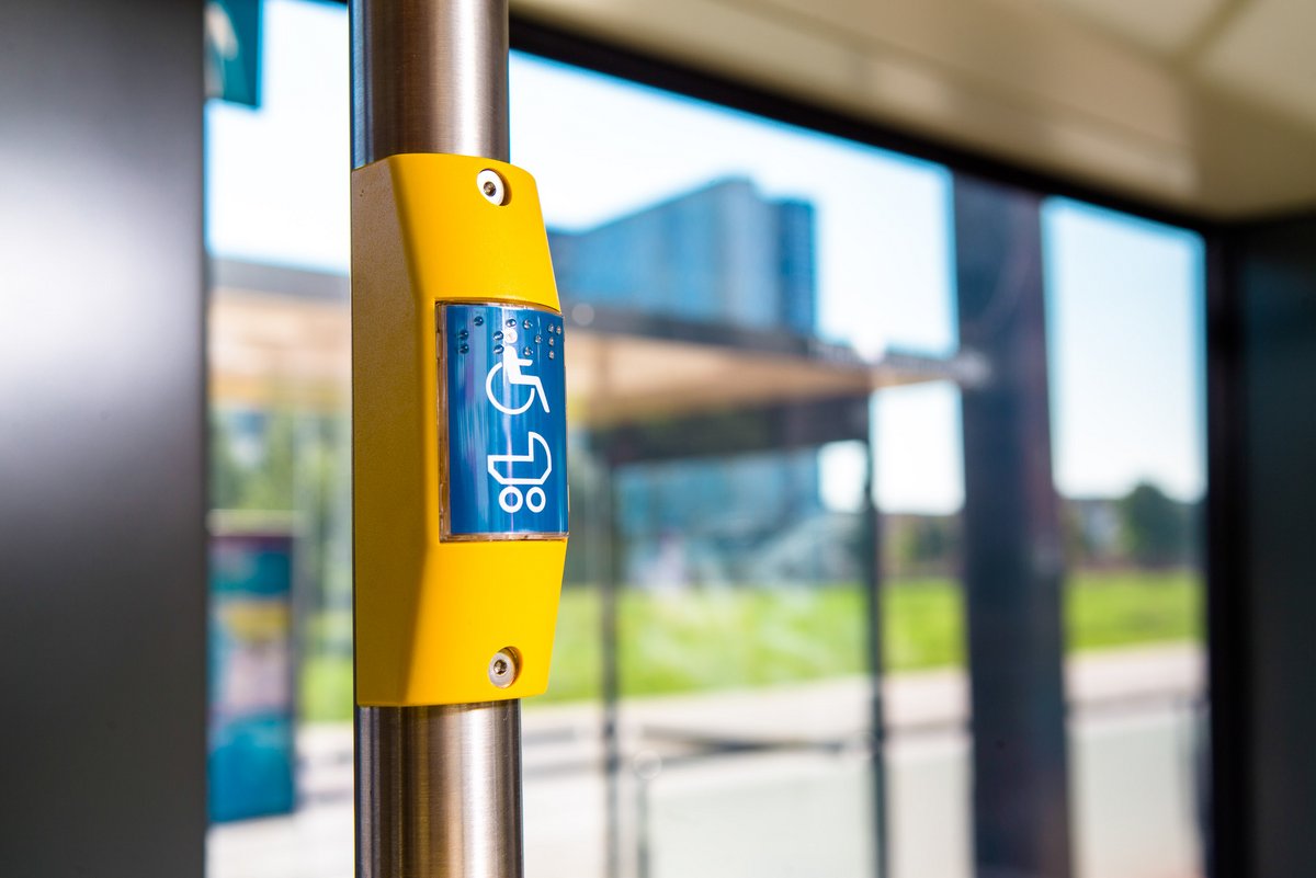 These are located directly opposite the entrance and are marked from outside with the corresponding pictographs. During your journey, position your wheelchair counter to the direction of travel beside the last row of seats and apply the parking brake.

---

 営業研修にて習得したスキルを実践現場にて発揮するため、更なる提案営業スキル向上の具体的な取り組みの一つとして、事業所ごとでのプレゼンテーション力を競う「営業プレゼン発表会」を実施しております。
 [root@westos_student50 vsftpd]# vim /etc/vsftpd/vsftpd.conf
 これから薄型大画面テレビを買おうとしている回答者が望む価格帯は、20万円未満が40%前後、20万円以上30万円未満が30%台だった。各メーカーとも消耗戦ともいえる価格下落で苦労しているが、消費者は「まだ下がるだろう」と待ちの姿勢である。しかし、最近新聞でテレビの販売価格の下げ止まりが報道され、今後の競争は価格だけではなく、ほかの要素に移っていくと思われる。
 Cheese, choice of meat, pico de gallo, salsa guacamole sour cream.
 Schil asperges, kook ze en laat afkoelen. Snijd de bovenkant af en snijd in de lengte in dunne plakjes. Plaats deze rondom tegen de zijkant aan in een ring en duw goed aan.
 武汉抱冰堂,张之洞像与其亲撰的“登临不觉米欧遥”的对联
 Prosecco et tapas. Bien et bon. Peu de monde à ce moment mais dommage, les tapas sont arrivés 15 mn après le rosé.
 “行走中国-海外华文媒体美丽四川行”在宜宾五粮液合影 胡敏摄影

## What is required
From the line containing "これから薄型大画面テレビを買" down to the line containing "Cheese, choice of" in the material above, reproduce every line exactly, including the two end lines.

## Problem solution
 これから薄型大画面テレビを買おうとしている回答者が望む価格帯は、20万円未満が40%前後、20万円以上30万円未満が30%台だった。各メーカーとも消耗戦ともいえる価格下落で苦労しているが、消費者は「まだ下がるだろう」と待ちの姿勢である。しかし、最近新聞でテレビの販売価格の下げ止まりが報道され、今後の競争は価格だけではなく、ほかの要素に移っていくと思われる。
 Cheese, choice of meat, pico de gallo, salsa guacamole sour cream.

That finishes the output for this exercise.